The next step it to load the plugins after the initConfig method:

// Load the plugin that provides the 'uglify' task.
grunt.loadNpmTasks('grunt-contrib-uglify');
// Load the plugin that provides the 'htmlmin' task.
grunt.loadNpmTasks('grunt-contrib-htmlmin');
// Load the plugin that provides the 'cssmin' task.
grunt.loadNpmTasks('grunt-contrib-cssmin');

To adjust your files according to the previous set of rules you need to call the htmlmin, cssmin or uglify tasks:

$ grunt htmlmin
$ grunt cssmin
$ grunt uglify

After loading all of your Grunt tasks you can create some aliases.

If you want to create an alias that runs the three previous tasks in one step do as follows:

// Wrapper around htmlmin, cssmin and uglify tasks.
grunt.registerTask('minified', [
        'htmlmin',
        'cssmin',
        'uglify'
    ]);

So, to execute the three tasks in one step you can do the following:

$ grunt minified

The previous command is a wrapper around the htmlmin, cssmin and uglify tasks defined before.

Wrapping all together we get the following [Grunfile.js][]

Other plugins

Grunt offers you a very large amount of plugins, they have a dedicated section to list them!

I recommend that you should take some time to check out the following plugins:

Conclusion

Certainly, Grunt do a great job when we talk about task automation, also, automating this repetitive tasks is fun and reduce the errors associated with tasks that in the past we used to run manually over and over again.
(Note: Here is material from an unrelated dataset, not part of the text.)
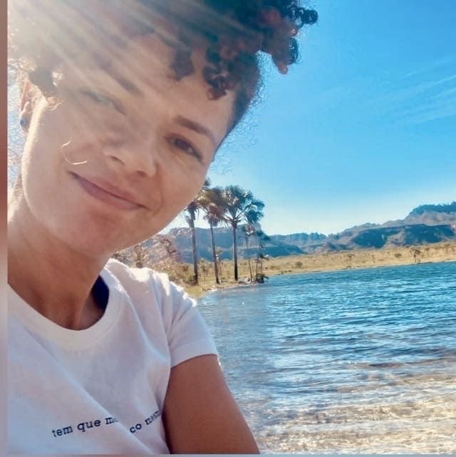 Identifica-se enquanto mulher negra não retinta, 40+, nascida no Cerrado brasiliense. Bióloga, trabalhou com agroecologia no assentamento do MTST em Cocalzinho de Goiás (2017–2019). Atuou com gestão de projetos em Educação Socioemocional e Cultura de Paz e formação de professores no Instituto Sidarta (Cotia, SP) em 2022. Atualmente é consultora de projetos socioambientais e pesquisadora em Mudança do Clima, Saúde Mental e Racismo Ambiental no Grupo de Estudos em Prevenção e Promoção de Saúde no Ciclo de Vida (GEPPS-Vida/UnB). Doutoranda no Centro de Desenvolvimento Sustentável (UnB), é Mestra em Recursos Naturais pela Universidade Federal de Roraima e em Psicologia Clínica e Cultura pela Universidade de Brasília. É coautora do capítulo “Mudanças climáticas, saúde mental e racismo ambiental: ameaças globais inter(des)conectadas”, no livro Psicologia e Relações Étnico-Raciais: Diálogos Interdisciplinares para o Presente-Futuro (2024). Disponível em: http://www.technopolitik.com.br/downloads/files/PsicologiaRelacoesEtnico-Raciais2024.pdf

That been said, I definitely recommend that you should try Grunt, you will get in exchange an improvement in your development workflow, also with it you can forget to endure repetitive tasks that we hate to do, as a result you will get more free time to focus on getting things done.

Last but not least, another option for Grunt is Gulp, I recently read about it, if you look at their documentation you notice that their syntax is more clean than Grunt, also is very concise and allows chaining calls, following the concept of streams that pipes offer in *nix like systems, so, I’ll give it a try in my next project.